Bamyan in afghanistan predating european oil painting by some

Europeans began using oil in their pictures by about 800 A.

Scientists from around the world have since embarked on a painstaking process to collect the remnants of the dynamited statues and reconstruct them.

In the meantime, researchers have found that the paint used on the Buddhas, along with murals in 12 of 50 painted Bamian caves, contained oil-based binders—the world's oldest known examples of oil paintings.

In its programs, the GCI focuses on the creation and delivery of knowledge that will benefit the professionals and organizations responsible for the conservation of the visual arts.

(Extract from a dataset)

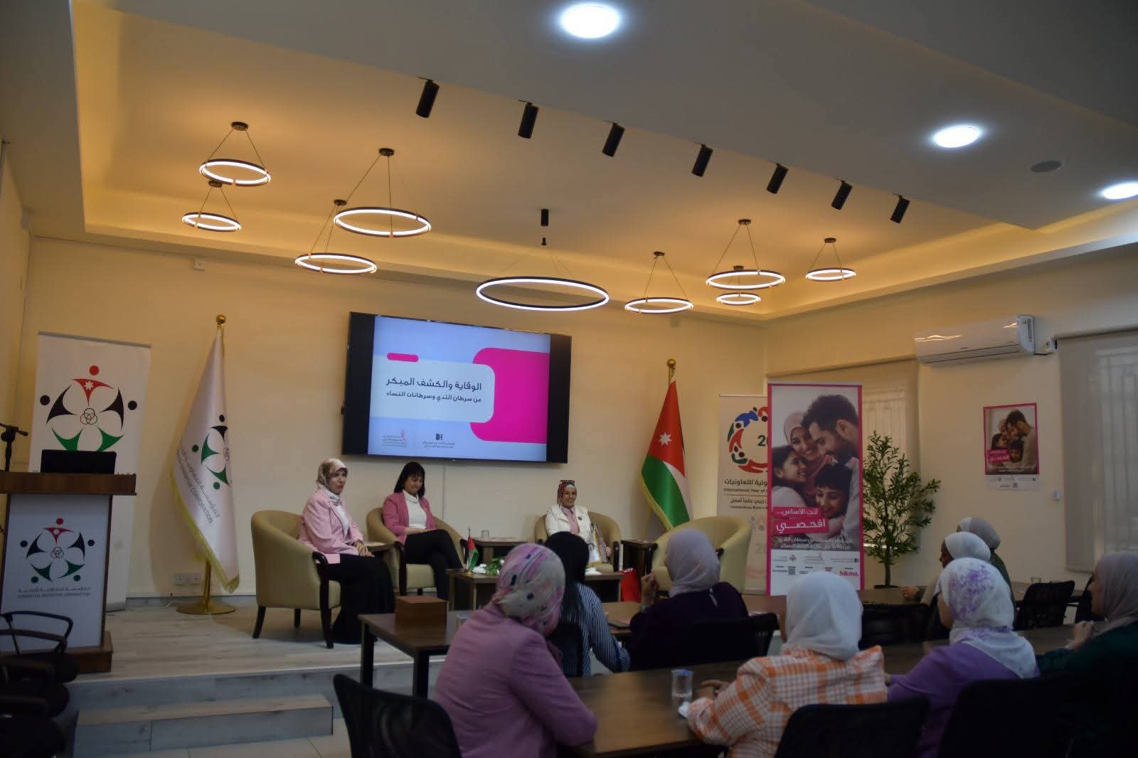 عقدت المؤسسة التعاونية الأردنية، أمس الأحد، ورشة توعوية لعددٍ من الزميلات الموظفات تحت عنوان (الوقاية والكشف المبكر عن سرطان الثدي وسرطانات النساء)، بمناسبة الشهر العالمي للتوعية حول سرطان الثدي، والذي يصادف في تشرين أول/ أكتوبر من كل عامٍ.

Since Alexander the Great, invading armies and peaceful migrations have brought in diverse peoples to this Central Asian crossroads.

As a result, Afghanistan is a country of ethnic minorities: Pashtun (38 percent), Tajik (25 percent), Hazara (19 percent), and Uzbek (6 percent).

The towering Hindu Kush range dominates and divides Afghanistan.

In 2001 the Taliban destroyed giant Buddha statues at Bamian in defiance of international efforts to save them. and Britain bombed terrorist camps in Afghanistan; by November 2001 Kabul fell to anti-Taliban forces.

Three weeks after the September 11 attacks on New York and Washington, D. After decades of war, Afghanistan is rebuilding its economy, which is mostly agricultural, and preparing for elections in 2004.

Researchers hope to find even earlier examples by studying other Central Asian sites.